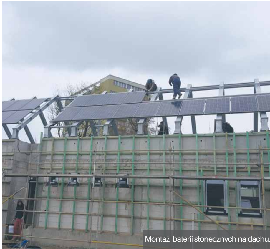
Montaż baterii słonecznych na dachu.

W całości zrobiona jest także instalacja wodociągowa, również już podłączona do sieci miejskiej.
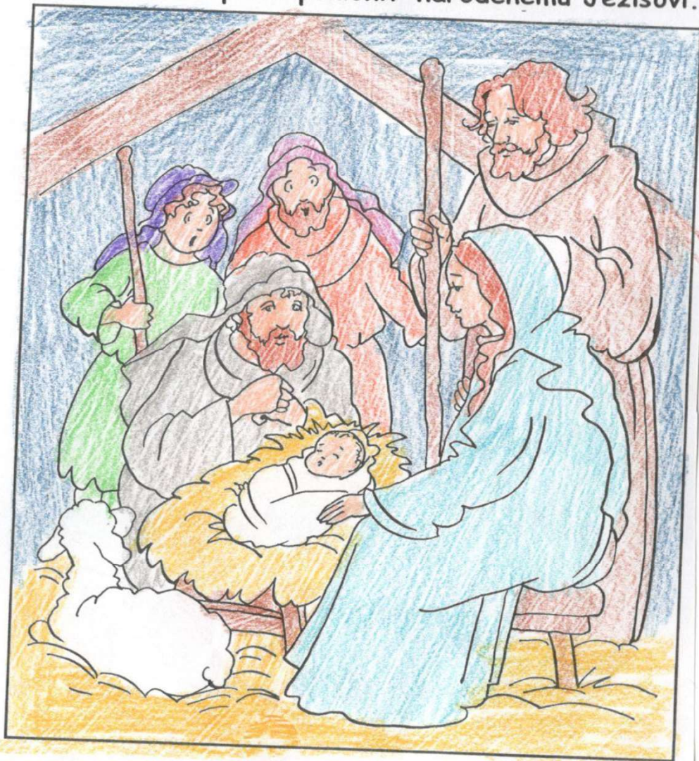
Doplňovačka (Lk 2, 13-18)

A hneď sa k anjelovi pripojilo množstvo nebeských zástupov, zvelebovali Boha a hovorili: „ SLÁVA Bohu na výsostiach a na zemi POKOJ ľuďom dobrej vôle.“ Keď anjeli odišli od nich do neba, PASTIERI si povedali: „Podme teda do Betlehema a pozrime, čo sa to stalo, ako nám oznámil Pán.“ Poponáhľali sa a našli Máriu a Jozefa i DIETĽA uložené v jaslách. Keď ich videli, vyrozprávali, čo im bolo povedané o tomto dieťati. A všetci, ktorí to počúvali, DIVILI sa nad tým, čo im pastieri rozprávali.
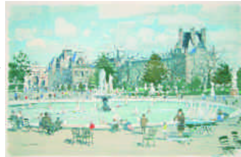
217. Léon HAFFNER et P. FRAISSE (graveur). Régate. Médaille en bronze doré du Club Nautique de la Croisette en hommage à François Périsse. 1947. Diamètre : 8 cm. 150/200 e
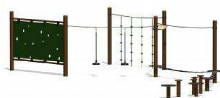
Rysunek 1. Przykładowa wizualizacja
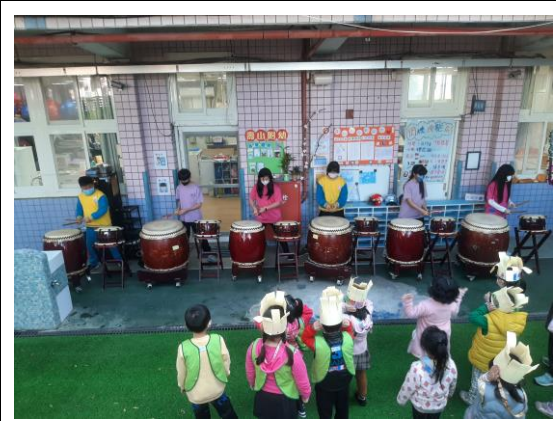
說明：戶外活動~太鼓表演
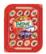
Tartare Aperifrais Italie 100 g

-*-

§ Task objective
Print the complete listing exactly as it stands, without its pictures.

§ Reply to the task
Montaż baterii słonecznych na dachu.

W całości zrobiona jest także instalacja wodociągowa, również już podłączona do sieci miejskiej.
Doplňovačka (Lk 2, 13-18)

A hneď sa k anjelovi pripojilo množstvo nebeských zástupov, zvelebovali Boha a hovorili: „ SLÁVA Bohu na výsostiach a na zemi POKOJ ľuďom dobrej vôle.“ Keď anjeli odišli od nich do neba, PASTIERI si povedali: „Podme teda do Betlehema a pozrime, čo sa to stalo, ako nám oznámil Pán.“ Poponáhľali sa a našli Máriu a Jozefa i DIETĽA uložené v jaslách. Keď ich videli, vyrozprávali, čo im bolo povedané o tomto dieťati. A všetci, ktorí to počúvali, DIVILI sa nad tým, čo im pastieri rozprávali.
217. Léon HAFFNER et P. FRAISSE (graveur). Régate. Médaille en bronze doré du Club Nautique de la Croisette en hommage à François Périsse. 1947. Diamètre : 8 cm. 150/200 e
Rysunek 1. Przykładowa wizualizacja
說明：戶外活動~太鼓表演
Tartare Aperifrais Italie 100 g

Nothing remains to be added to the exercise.